Une opération peut sembler attrayante au niveau transactionnel et être pourtant destructrice à tous les niveaux externes. Une entreprise peut améliorer son économie interne tout en affaiblissant la communauté locale qui l’entoure. Un produit peut générer des rendements élevés tout en augmentant les déchets, les émissions, la fragilité ou l’épuisement ailleurs dans le système.

C’est l’angle mort de la pensée traditionnelle sur les valeurs. Elle tend à traiter la transaction comme s’il s’agissait de l’ensemble du système.

Ce n’est pas le cas.

La vision des systèmes imbriqués de la valeur

Dans mon propre travail et dans mes discussions avec Jef Teugels du Regenerative Marketing Institute(https://regenmarketing.org/), j’ai trouvé le concept de systèmes imbriqués particulièrement puissant.

L’idée est simple. Chaque transaction se situe à l’intérieur d’une série de couches connectées :

  • la couche transactionnelle
  • le système d’entreprise du client
  • la chaîne de valeur au sens large et la communauté
  • la société et la planète

Chaque couche influe sur les autres. La valeur créée dans la couche interne peut dépendre de la valeur extraite des couches externes. C’est ce qui se produit dans de nombreux modèles d’entreprise traditionnels et extractifs. Ils renforcent la transaction, mais affaiblissent les systèmes qui l’entourent.

L’approche régénérative pose une question différente :

Pouvons-nous créer de la valeur dans la transaction tout en renforçant les systèmes plus larges qui l’entourent ?

C’est le changement.

Les quatre niveaux de durabilité et de création de valeur

Une façon utile de rendre cela pratique est de distinguer quatre niveaux d’impact sur l’entreprise.

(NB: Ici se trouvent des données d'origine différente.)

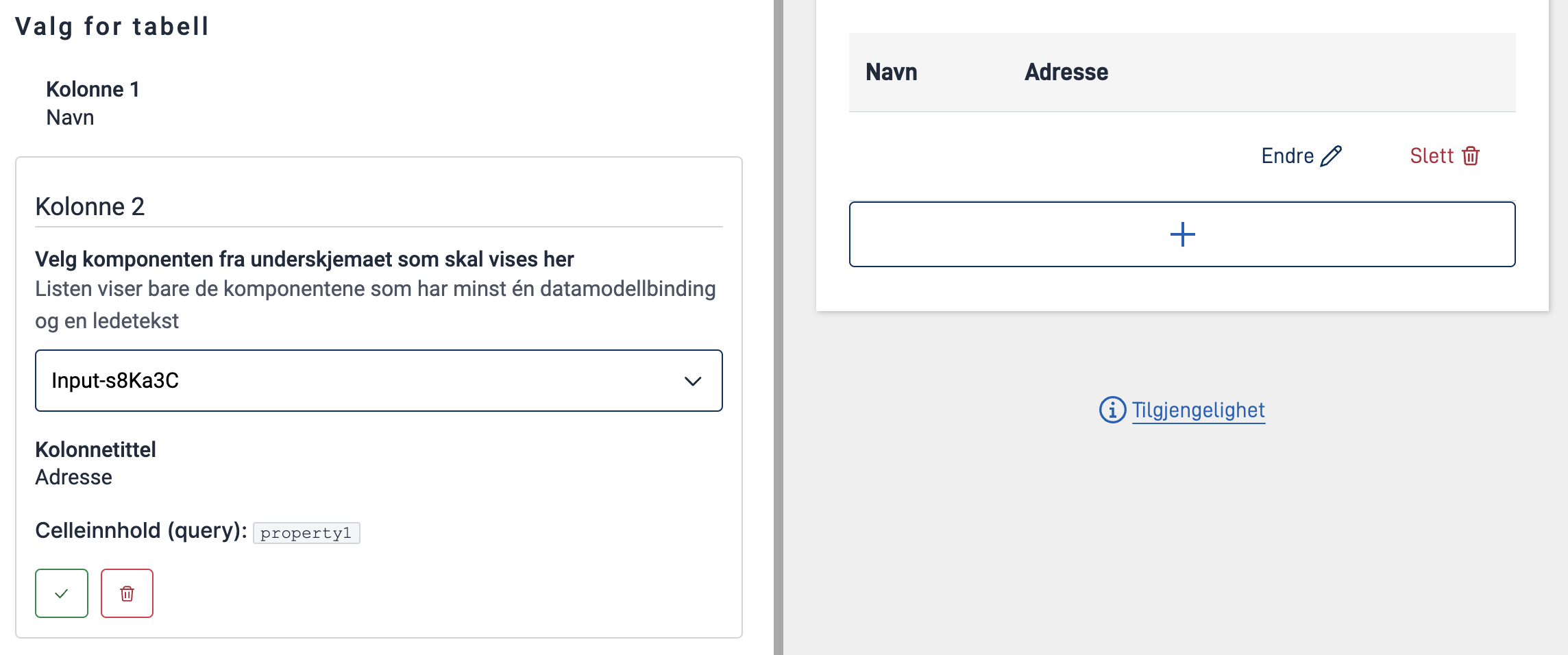 Navigate back to the main form and click on Tabell for underskjema. Open the accordion Tekster and add the desired columns. - Configure the columns

1. Extractif : faire du mal

À ce niveau, l’entreprise crée de la valeur dans la couche interne tout en repoussant les coûts vers l’extérieur.

La transaction fonctionne. Le retour sur investissement peut être important. Mais les employés, les communautés, les fournisseurs ou les écosystèmes portent le fardeau caché. C’est la logique classique de l’économie extractive : un gain local par le biais d’un épuisement plus large.

2. Durable : faire moins de mal

À ce niveau, l’entreprise réduit une partie de l’impact négatif.

Il devient plus efficace, gaspille moins, pollue moins ou améliore la conformité. Il s’agit là d’un véritable progrès. Mais la logique sous-jacente consiste encore principalement à réduire les dommages plutôt qu’à créer de la santé.

3. Circulaire : ne pas nuire

Dans ce cas, l’entreprise redéfinit les matériaux, les flux et les processus afin d’éliminer les déchets et de réduire les fuites du système.

La circularité est une avancée majeure car elle modifie la logique de conception de l’entreprise. Elle vise à maintenir la valeur en circulation plutôt que de la laisser se perdre ou se détruire.

4. Régénérateur : faire le bien

Une entreprise régénératrice va au-delà de l’efficacité et de la réduction des dommages.

Elle crée de la valeur d’une manière qui restaure, renouvelle ou renforce les systèmes plus larges autour de la transaction. Elle améliore non seulement les performances commerciales, mais aussi la santé des communautés, des écosystèmes et des personnes, dans la mesure du possible.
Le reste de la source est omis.